Brown came to epitomize for anxious white middle-income voters an arrogant political caste. That caste became the target of their rage against entrenched elites. Brown is not unpopular because his is African American, as he persistently argues. He is unpopular because a great many people who are not racists think he is arrogant and corrupt.

The “Ayatollah of California politics,” as he referred to himself, turned the State Capitol into a casino for the auctioning of access and brokering of interest. Special interest fund-raising became paramount and policy committees were cherished for their monetary potential as, in Capitol parlance, “juice” committees.

Brown’s scorn for the appearance of impropriety, implicit in his extremely lucrative law practice, extended even to its actuality. Brown vehemently defended Mark Nathanson, his key pro-development appointee on the Coastal Commission who turned his office into a racketeering enterprise, beyond the bitter end.

As Brown’s method enshrined a system of moneyed access, his ideological bent and desire for continued control led him to ignore emerging constituencies and growing demand for a radically reconfigured government.

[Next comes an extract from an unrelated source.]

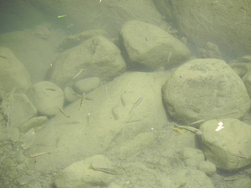 清澈的溪流,從橋上一覽無遺窺見清晰的魚群。
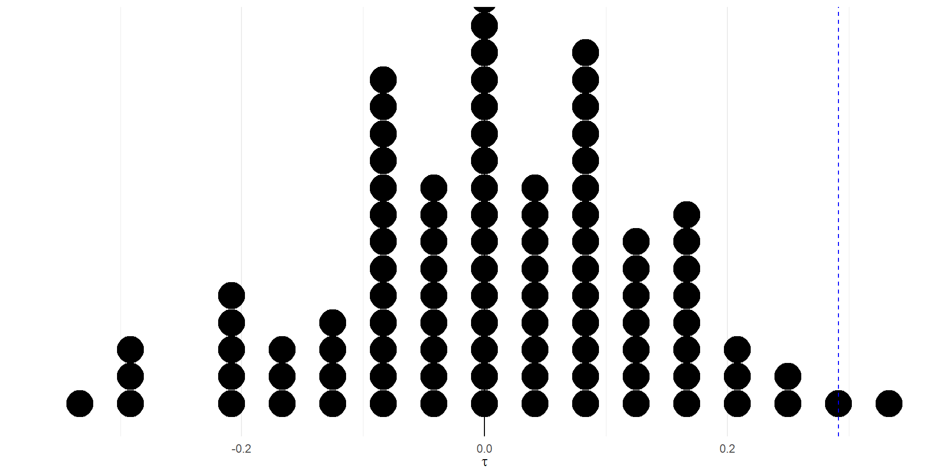 Para evaluar si el estimador observado durante el experimento, \(\tau =\) 0.292, podemos calcular el estimador de \(\tau\) para cientos de simulaciones diferentes.

A mobilization of emerging ethnic constituencies would have benefited Democrats statewide in races for the presidency, the governorship and the U.S. Senate, but that would have threatened Brown’s hold on Assembly districts loyal to him. He also disdained emerging entrepreneurial and technological clusters in the new economy. The trial lawyers were consistently his biggest contributors, which contributed mightily to the failure to reform workers’ compensation. This drove many otherwise apolitical entrepreneurs firmly into Republican ranks.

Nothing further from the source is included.